### Instructions to follow
Everything from the line containing "Cette baguette est" through the line containing "White Door Stopper" in the listing below should be copied exactly, and nothing more.
BEGIN Record extracts
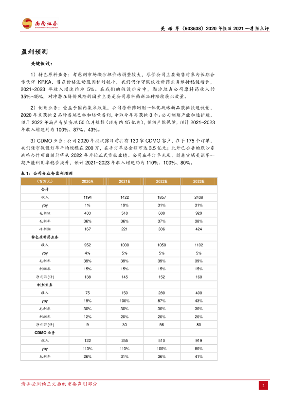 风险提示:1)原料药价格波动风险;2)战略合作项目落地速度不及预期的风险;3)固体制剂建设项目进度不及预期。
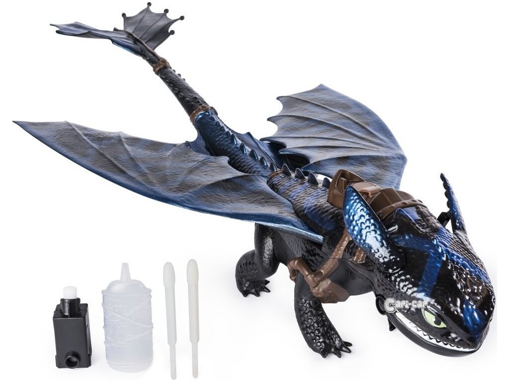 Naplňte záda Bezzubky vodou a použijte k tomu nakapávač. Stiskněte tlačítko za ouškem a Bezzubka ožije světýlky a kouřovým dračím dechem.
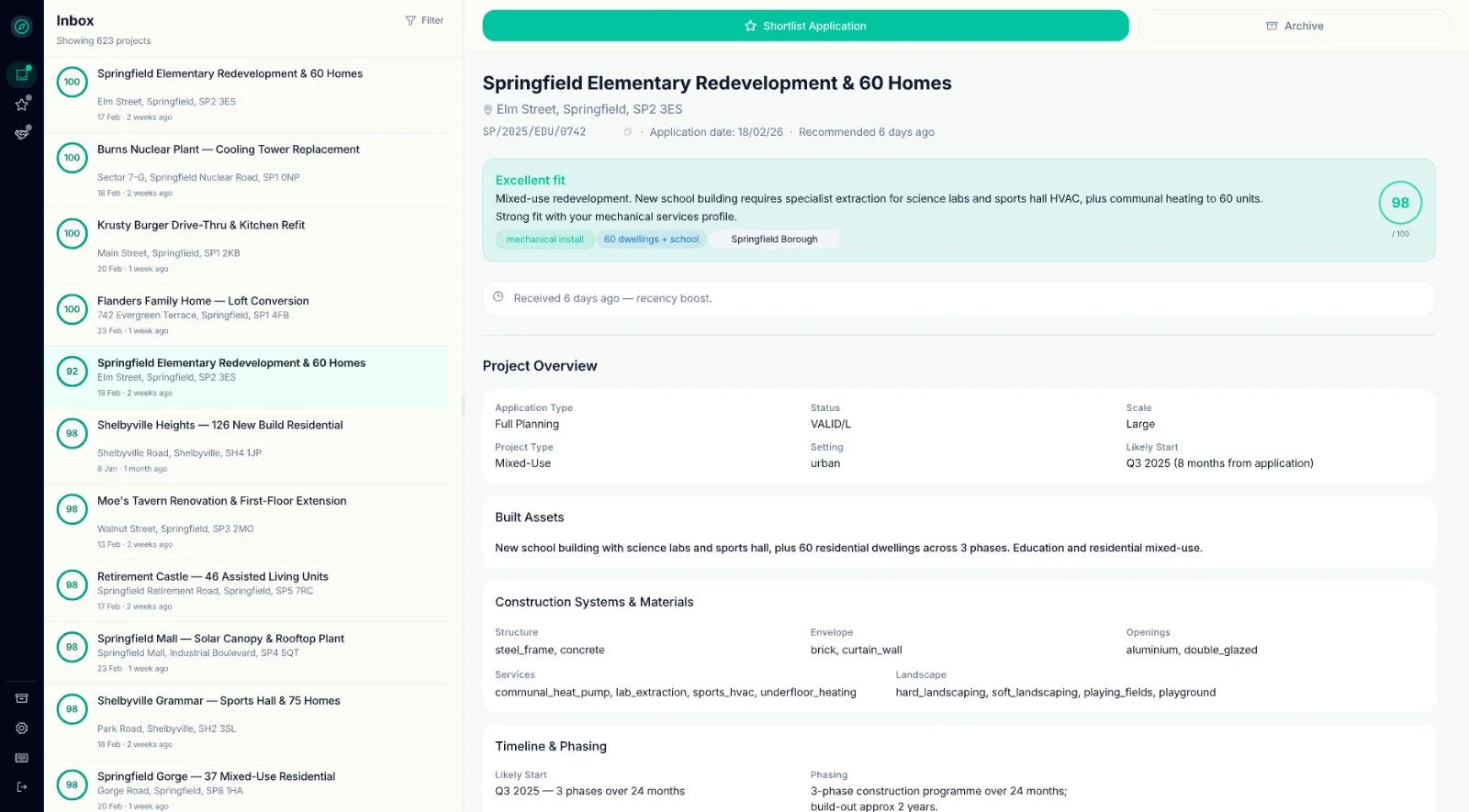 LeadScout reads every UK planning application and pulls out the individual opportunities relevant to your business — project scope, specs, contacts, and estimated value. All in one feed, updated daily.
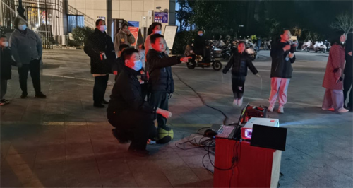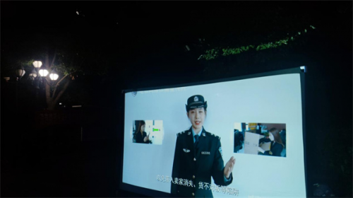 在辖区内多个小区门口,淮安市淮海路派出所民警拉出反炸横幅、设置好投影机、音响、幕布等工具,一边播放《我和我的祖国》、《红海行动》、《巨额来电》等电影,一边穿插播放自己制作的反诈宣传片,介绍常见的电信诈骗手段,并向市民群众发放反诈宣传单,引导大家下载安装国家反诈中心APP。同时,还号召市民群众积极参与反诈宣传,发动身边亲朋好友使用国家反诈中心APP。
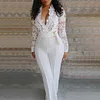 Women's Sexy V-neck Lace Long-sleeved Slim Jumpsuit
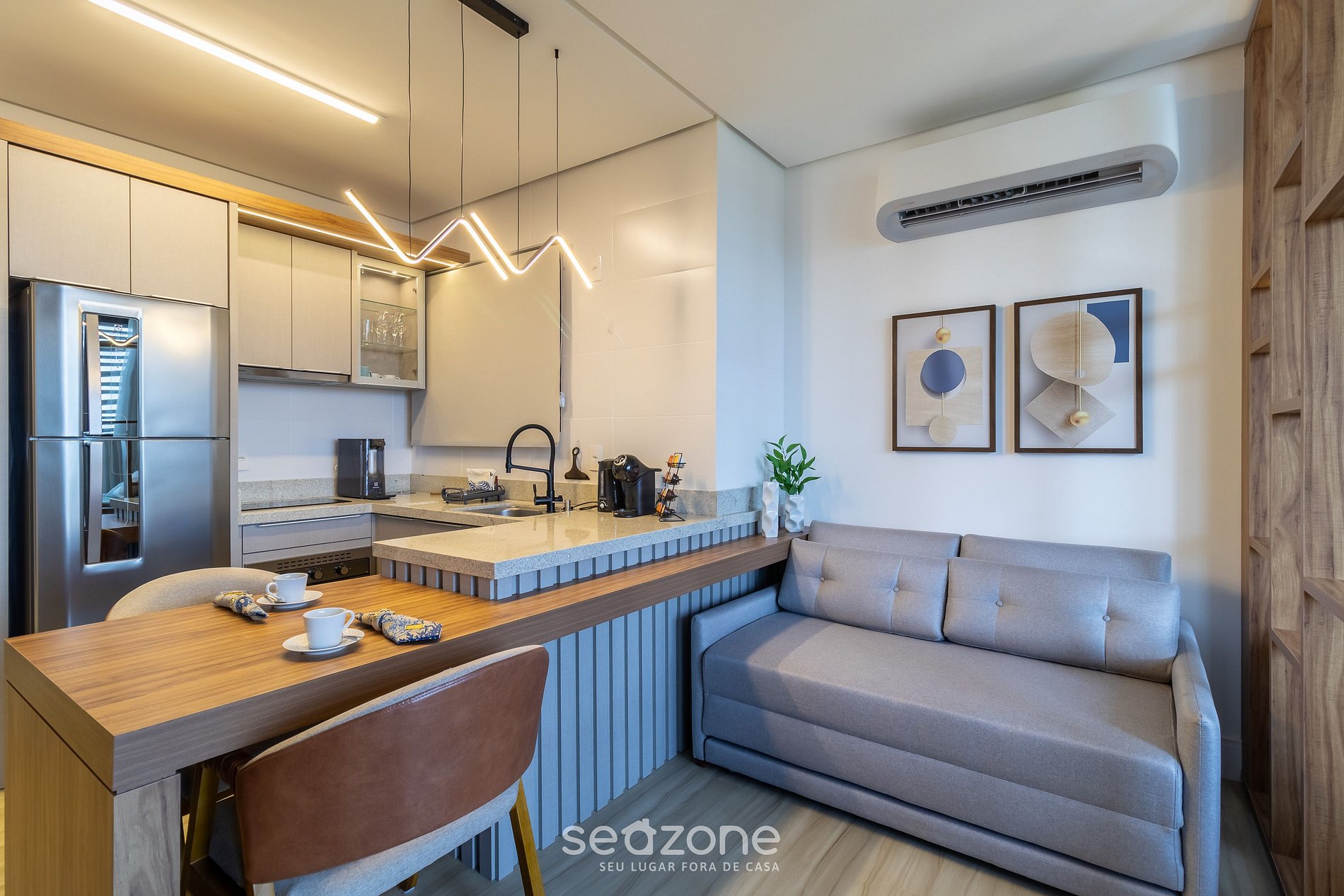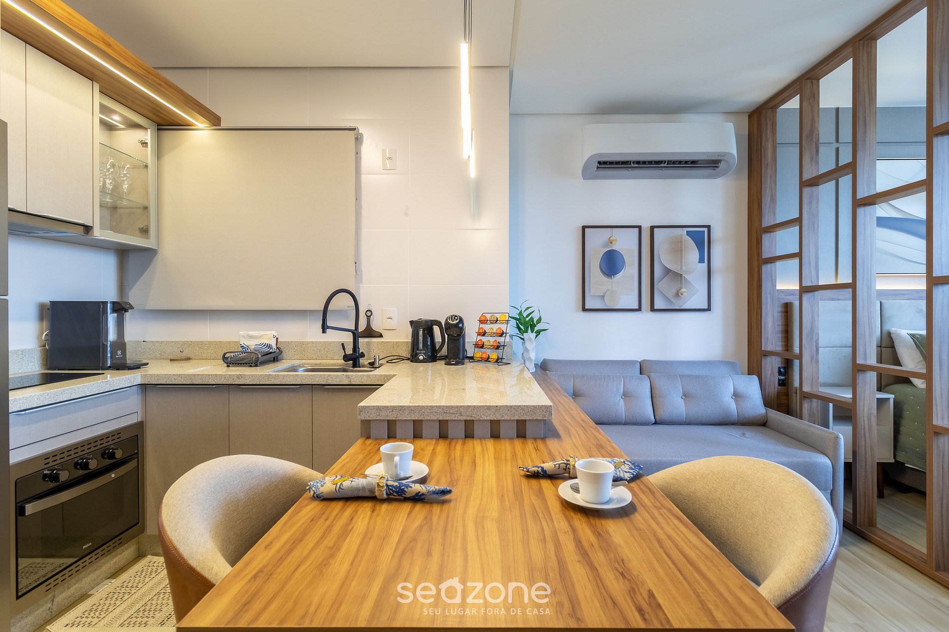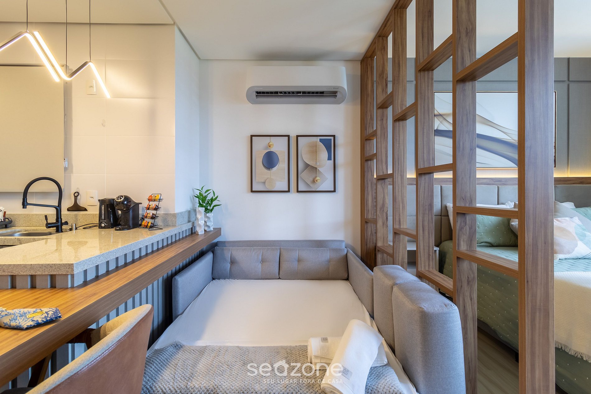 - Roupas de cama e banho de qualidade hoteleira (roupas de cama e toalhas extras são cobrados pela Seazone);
END Record extracts
BEGIN Record extracts
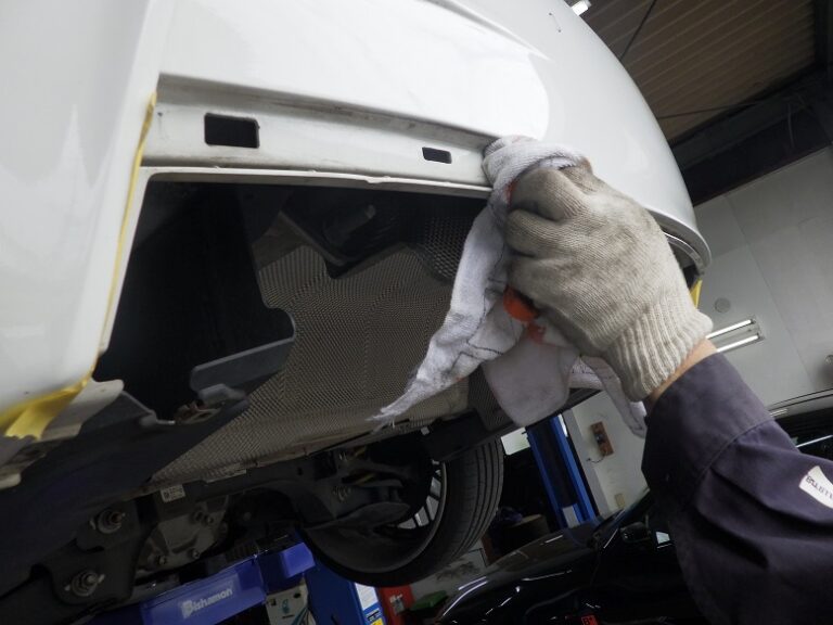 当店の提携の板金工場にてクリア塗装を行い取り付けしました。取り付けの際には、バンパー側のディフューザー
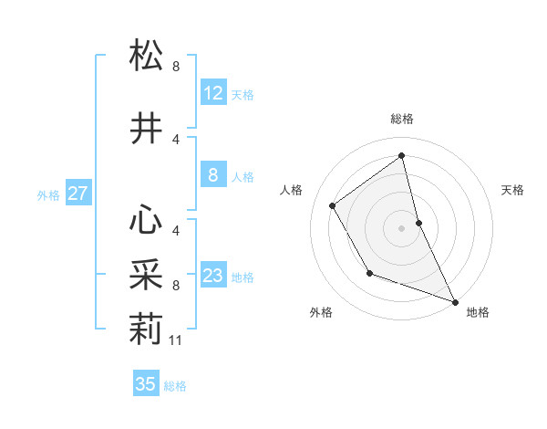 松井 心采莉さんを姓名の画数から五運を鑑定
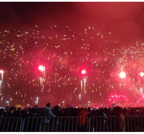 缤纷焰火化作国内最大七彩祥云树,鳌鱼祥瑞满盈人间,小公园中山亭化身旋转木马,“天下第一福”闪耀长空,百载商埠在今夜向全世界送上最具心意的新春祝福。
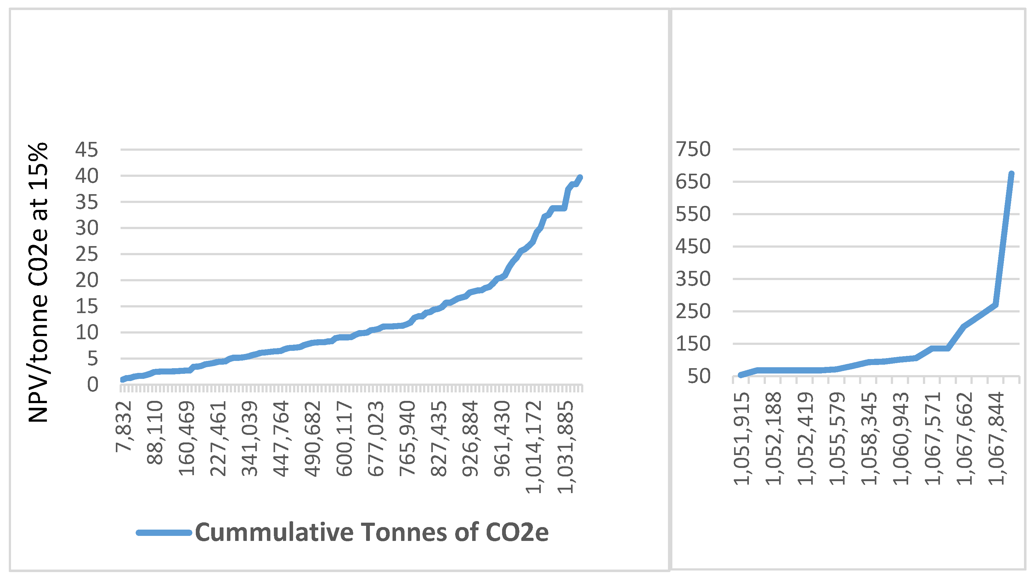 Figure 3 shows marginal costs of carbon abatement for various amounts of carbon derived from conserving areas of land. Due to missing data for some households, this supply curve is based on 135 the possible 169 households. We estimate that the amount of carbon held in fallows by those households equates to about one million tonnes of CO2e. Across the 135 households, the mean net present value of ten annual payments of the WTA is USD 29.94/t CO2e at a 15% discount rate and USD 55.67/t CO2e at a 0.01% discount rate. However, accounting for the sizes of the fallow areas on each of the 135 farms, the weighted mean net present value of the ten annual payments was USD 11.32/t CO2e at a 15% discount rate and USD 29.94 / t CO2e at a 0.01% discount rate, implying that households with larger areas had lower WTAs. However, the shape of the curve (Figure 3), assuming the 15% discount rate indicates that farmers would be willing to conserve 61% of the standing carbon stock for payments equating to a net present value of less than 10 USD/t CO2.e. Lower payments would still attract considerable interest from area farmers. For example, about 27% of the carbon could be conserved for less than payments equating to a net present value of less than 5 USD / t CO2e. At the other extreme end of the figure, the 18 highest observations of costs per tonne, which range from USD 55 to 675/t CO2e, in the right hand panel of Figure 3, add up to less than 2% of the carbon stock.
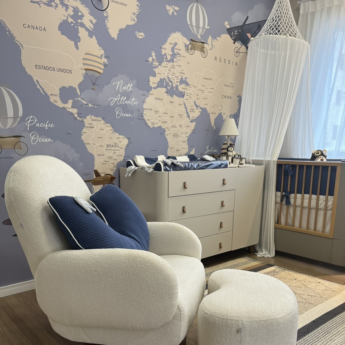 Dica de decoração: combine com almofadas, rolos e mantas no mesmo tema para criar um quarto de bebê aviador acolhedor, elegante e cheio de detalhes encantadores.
END Record extracts
BEGIN Record extracts
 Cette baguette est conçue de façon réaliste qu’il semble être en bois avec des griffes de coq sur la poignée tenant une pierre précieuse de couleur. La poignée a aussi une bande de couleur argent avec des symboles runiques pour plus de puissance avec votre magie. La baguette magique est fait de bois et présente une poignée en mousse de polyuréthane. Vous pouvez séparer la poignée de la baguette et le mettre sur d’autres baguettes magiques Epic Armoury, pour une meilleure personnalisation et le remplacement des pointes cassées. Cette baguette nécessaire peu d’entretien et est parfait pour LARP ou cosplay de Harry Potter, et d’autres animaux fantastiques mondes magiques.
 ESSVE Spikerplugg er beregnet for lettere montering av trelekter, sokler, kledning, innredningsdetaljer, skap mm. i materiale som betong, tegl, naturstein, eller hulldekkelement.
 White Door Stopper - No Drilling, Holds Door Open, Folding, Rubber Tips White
END Record extracts
### Result for this exercise
 Cette baguette est conçue de façon réaliste qu’il semble être en bois avec des griffes de coq sur la poignée tenant une pierre précieuse de couleur. La poignée a aussi une bande de couleur argent avec des symboles runiques pour plus de puissance avec votre magie. La baguette magique est fait de bois et présente une poignée en mousse de polyuréthane. Vous pouvez séparer la poignée de la baguette et le mettre sur d’autres baguettes magiques Epic Armoury, pour une meilleure personnalisation et le remplacement des pointes cassées. Cette baguette nécessaire peu d’entretien et est parfait pour LARP ou cosplay de Harry Potter, et d’autres animaux fantastiques mondes magiques.
 ESSVE Spikerplugg er beregnet for lettere montering av trelekter, sokler, kledning, innredningsdetaljer, skap mm. i materiale som betong, tegl, naturstein, eller hulldekkelement.
 White Door Stopper - No Drilling, Holds Door Open, Folding, Rubber Tips White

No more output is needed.